▶ **Given records**
○ ○ ○ ○ ○

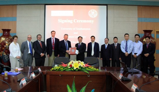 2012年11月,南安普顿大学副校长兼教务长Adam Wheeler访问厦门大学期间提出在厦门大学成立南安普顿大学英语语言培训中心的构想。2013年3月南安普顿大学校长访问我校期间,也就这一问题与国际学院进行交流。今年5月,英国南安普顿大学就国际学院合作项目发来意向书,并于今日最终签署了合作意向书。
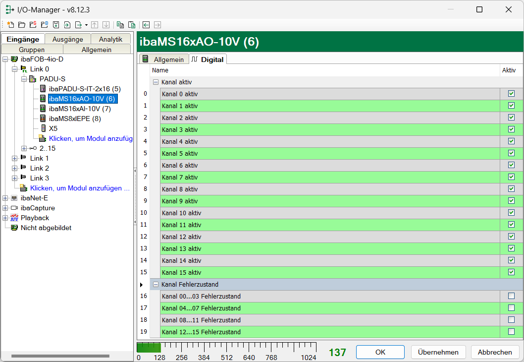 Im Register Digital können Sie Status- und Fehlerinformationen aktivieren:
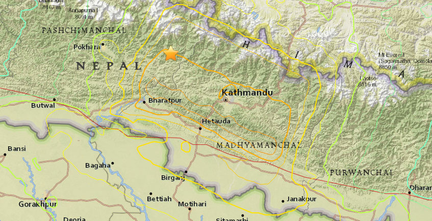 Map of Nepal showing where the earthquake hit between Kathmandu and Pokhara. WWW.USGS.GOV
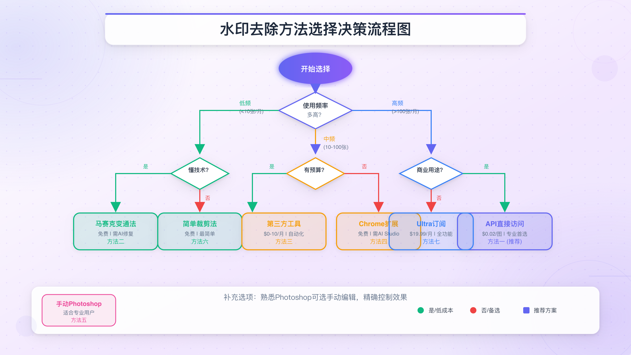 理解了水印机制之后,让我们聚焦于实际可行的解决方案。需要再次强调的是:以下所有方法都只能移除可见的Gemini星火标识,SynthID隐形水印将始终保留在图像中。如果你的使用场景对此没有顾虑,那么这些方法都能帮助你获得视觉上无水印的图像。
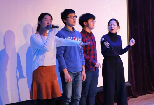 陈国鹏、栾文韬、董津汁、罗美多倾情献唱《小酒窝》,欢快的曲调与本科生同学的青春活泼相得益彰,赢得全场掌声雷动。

○ ○ ○ ○ ○

▶ **Task to complete**
Retype the records exactly, but skip the pictures.

▶ **Answer box**
 2012年11月,南安普顿大学副校长兼教务长Adam Wheeler访问厦门大学期间提出在厦门大学成立南安普顿大学英语语言培训中心的构想。2013年3月南安普顿大学校长访问我校期间,也就这一问题与国际学院进行交流。今年5月,英国南安普顿大学就国际学院合作项目发来意向书,并于今日最终签署了合作意向书。
 Im Register Digital können Sie Status- und Fehlerinformationen aktivieren:
 Map of Nepal showing where the earthquake hit between Kathmandu and Pokhara. WWW.USGS.GOV
 理解了水印机制之后,让我们聚焦于实际可行的解决方案。需要再次强调的是:以下所有方法都只能移除可见的Gemini星火标识,SynthID隐形水印将始终保留在图像中。如果你的使用场景对此没有顾虑,那么这些方法都能帮助你获得视觉上无水印的图像。
 陈国鹏、栾文韬、董津汁、罗美多倾情献唱《小酒窝》,欢快的曲调与本科生同学的青春活泼相得益彰,赢得全场掌声雷动。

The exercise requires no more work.